● Raw data

__________

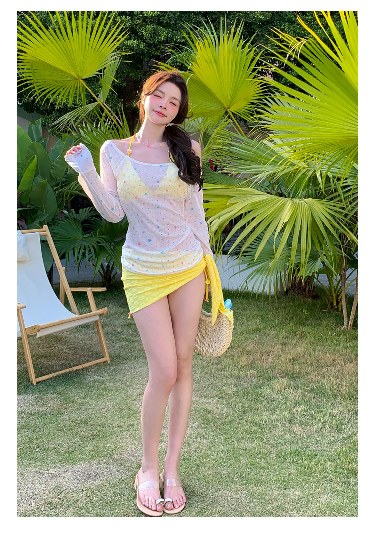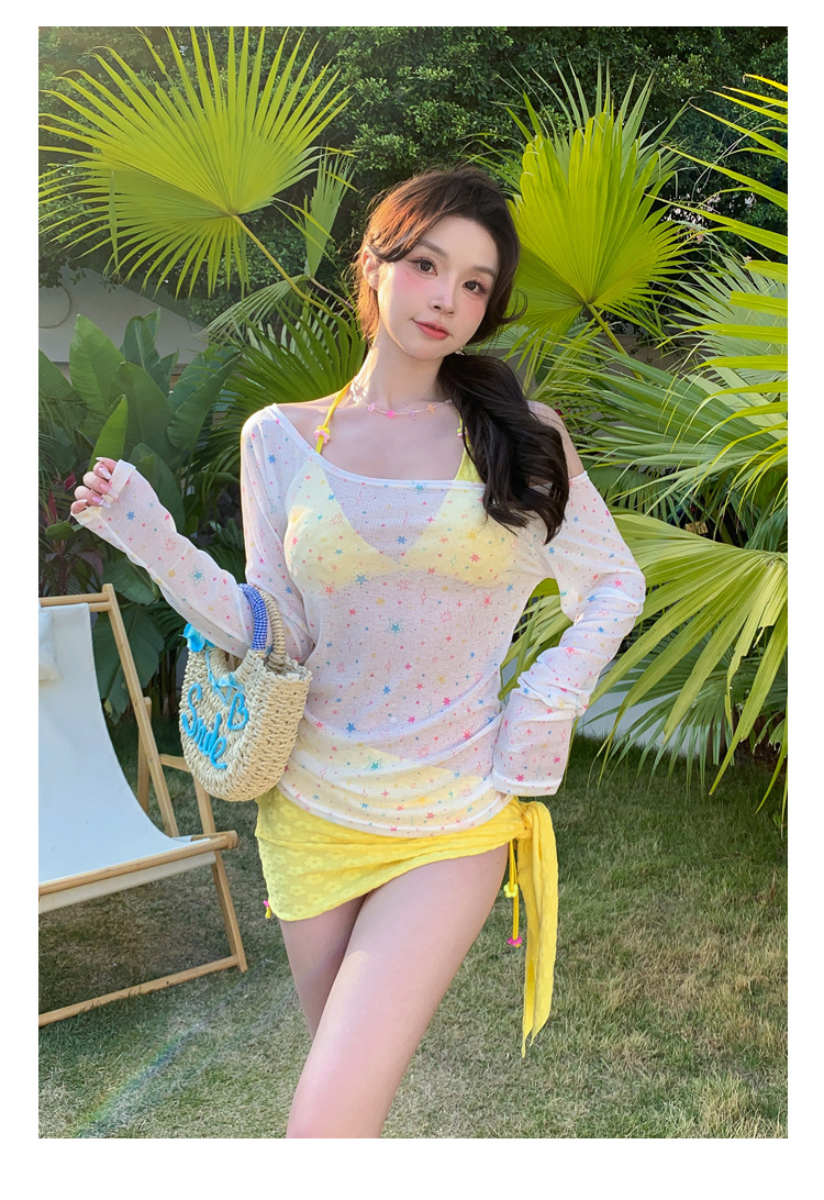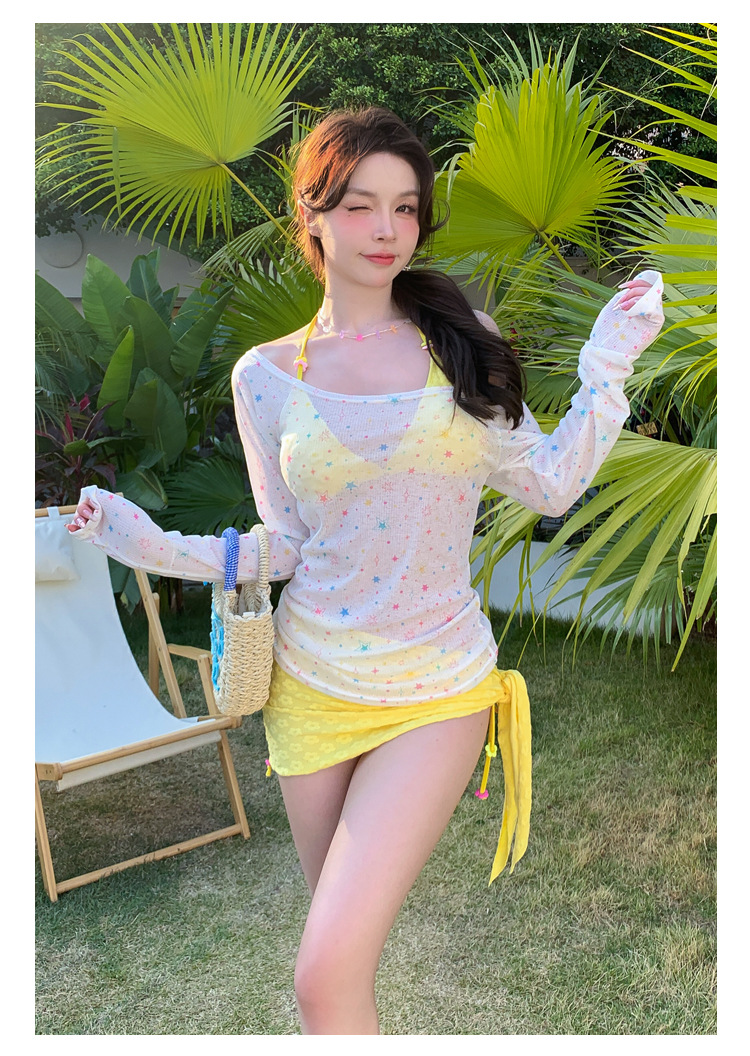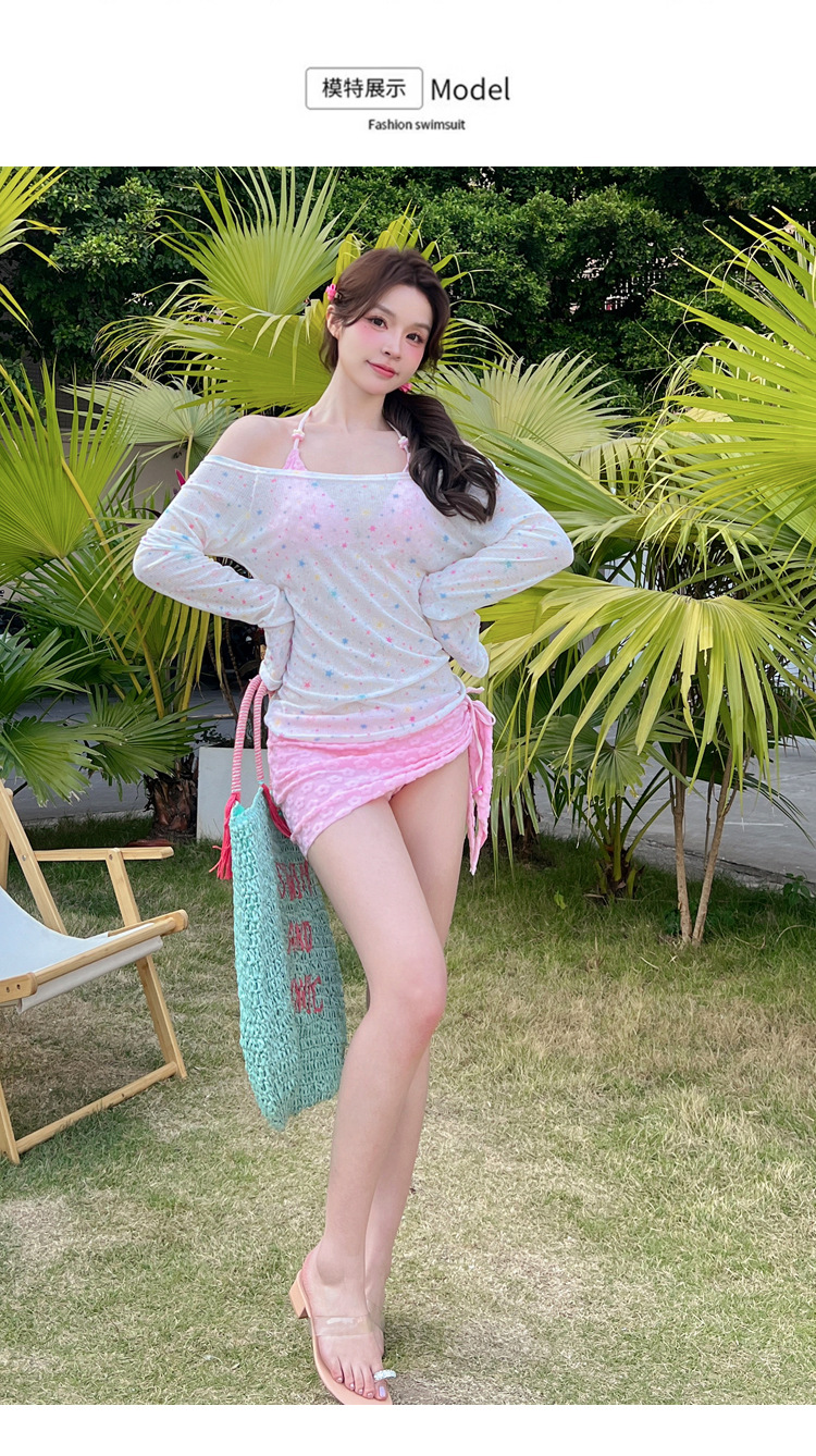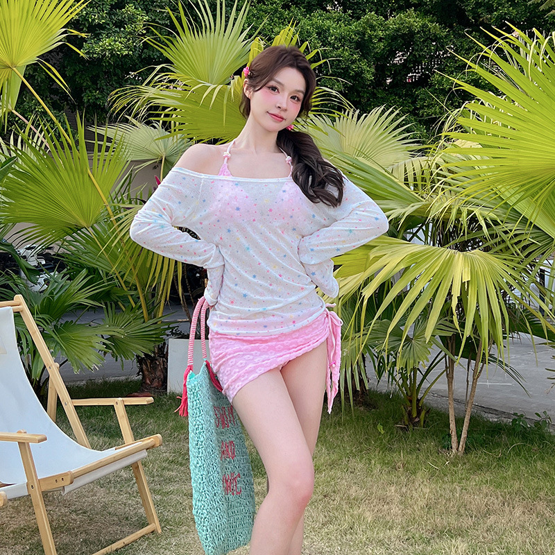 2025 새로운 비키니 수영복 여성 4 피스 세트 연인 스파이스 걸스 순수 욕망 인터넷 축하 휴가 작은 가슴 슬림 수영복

__________

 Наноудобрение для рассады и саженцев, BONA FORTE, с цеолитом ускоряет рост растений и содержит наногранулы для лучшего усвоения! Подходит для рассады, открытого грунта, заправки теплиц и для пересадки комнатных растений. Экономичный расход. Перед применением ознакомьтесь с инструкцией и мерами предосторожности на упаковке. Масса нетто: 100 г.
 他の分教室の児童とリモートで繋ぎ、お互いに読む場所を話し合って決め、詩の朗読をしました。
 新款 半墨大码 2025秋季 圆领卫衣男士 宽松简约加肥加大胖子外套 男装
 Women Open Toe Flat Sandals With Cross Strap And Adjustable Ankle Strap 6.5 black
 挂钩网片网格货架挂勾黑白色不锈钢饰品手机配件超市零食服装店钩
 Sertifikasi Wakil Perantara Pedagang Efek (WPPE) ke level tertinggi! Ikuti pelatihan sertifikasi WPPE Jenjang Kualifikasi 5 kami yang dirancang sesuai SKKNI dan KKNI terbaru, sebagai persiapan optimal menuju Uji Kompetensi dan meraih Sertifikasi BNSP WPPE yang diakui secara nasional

__________

● Task requirements
Return, unchanged, the run of lines above that opens with the line containing "新款 半墨大码 2025秋季 圆领卫衣男士 宽松简约加肥加大胖子外套 男装" and closes with the line containing "Sertifikasi Wakil Perantara". Include both.

● Output of the task
 新款 半墨大码 2025秋季 圆领卫衣男士 宽松简约加肥加大胖子外套 男装
 Women Open Toe Flat Sandals With Cross Strap And Adjustable Ankle Strap 6.5 black
 挂钩网片网格货架挂勾黑白色不锈钢饰品手机配件超市零食服装店钩
 Sertifikasi Wakil Perantara Pedagang Efek (WPPE) ke level tertinggi! Ikuti pelatihan sertifikasi WPPE Jenjang Kualifikasi 5 kami yang dirancang sesuai SKKNI dan KKNI terbaru, sebagai persiapan optimal menuju Uji Kompetensi dan meraih Sertifikasi BNSP WPPE yang diakui secara nasional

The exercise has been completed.